After she left, Dylan wrote his life story in one of the dollar, tiny Spiral notebooks from the shelves. It didn’t take long. He didn’t remember a time when he wasn’t at the station, telling people they shouldn’t die. He barely went in town, and the only people who visited him were Kerrigan and the doomed.

He ended with Kerrigan’s last comment, “We should go camping sometime.” It sounded like one of her jokes, her attempts to sound indifferent when she cared far too much, just like him. But she wasn’t afraid, and he was terrified.

A car went by in the night, tearing into the woods without even stopping at the station. The next day, one of Kerrigan’s deputies walked in and asked Dylan if he’d seen the sheriff. She hadn’t shown up at the office and she wasn’t at her apartment.

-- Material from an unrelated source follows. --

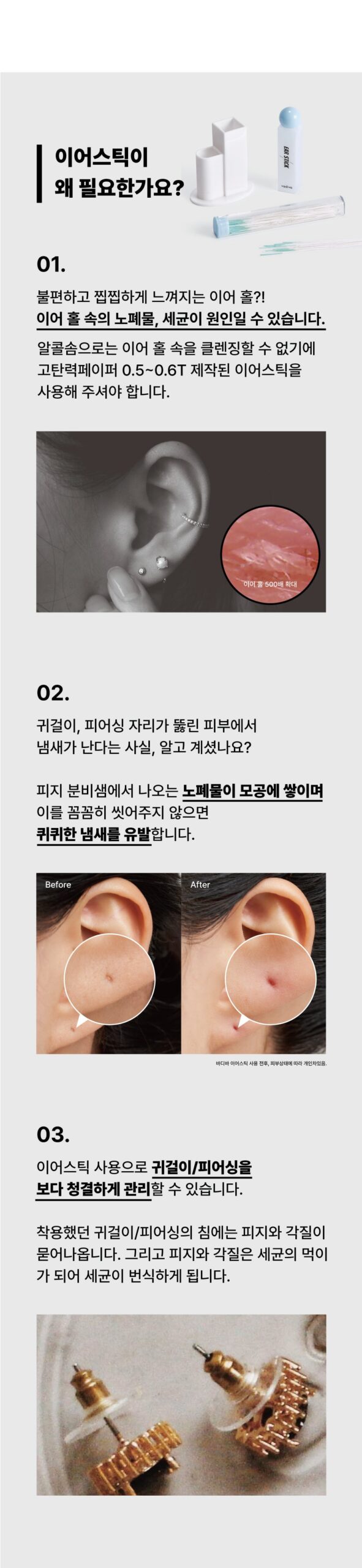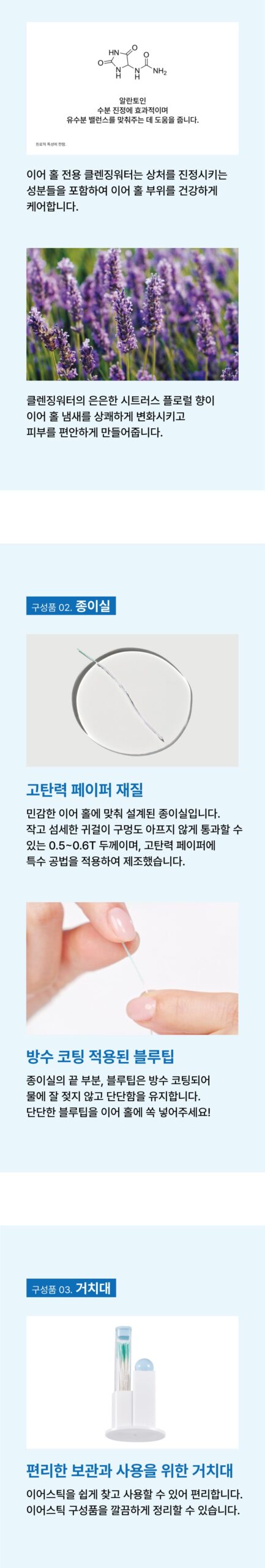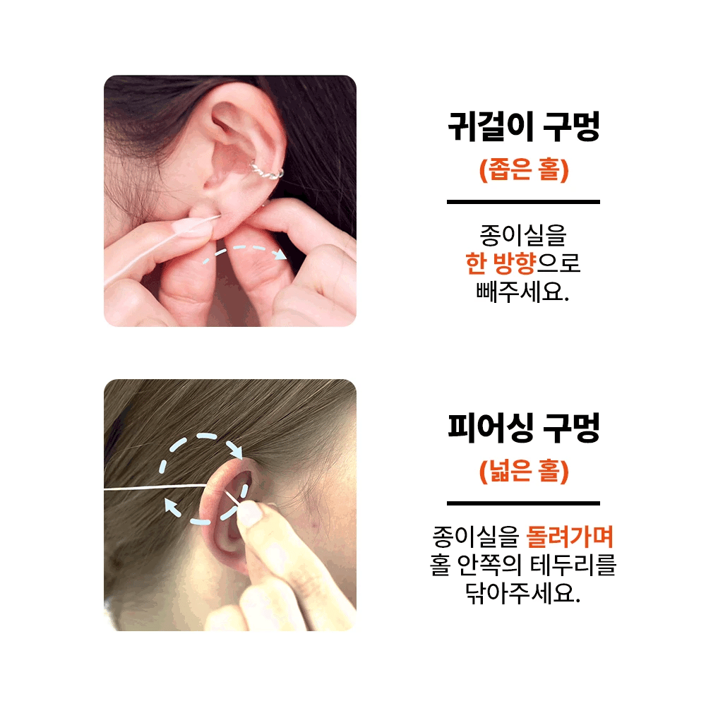 The blue tip at the end of the paper thread is waterproof coated, ensuring it remains firm and does not absorb water during use. This allows for easy insertion into the piercing hole, ensuring a smooth and hassle-free cleansing experience. Simply insert the firm blue tip into the ear hole and let the thread work its magic.

As he drove his beat-up Ford down the road, away from town, and into the shadow of the trees, Dylan wondered why he’d never bothered to guess at Kerrigan’s future. He decided that she just didn’t want to know.

No one ever went alone into the woods. Kerrigan had, but Dylan knew that he was now her second and he had no idea what was going to happen. He thought about the word “doom” and “cursed” and realized he had been saying them so long that he really didn’t know what they meant anymore.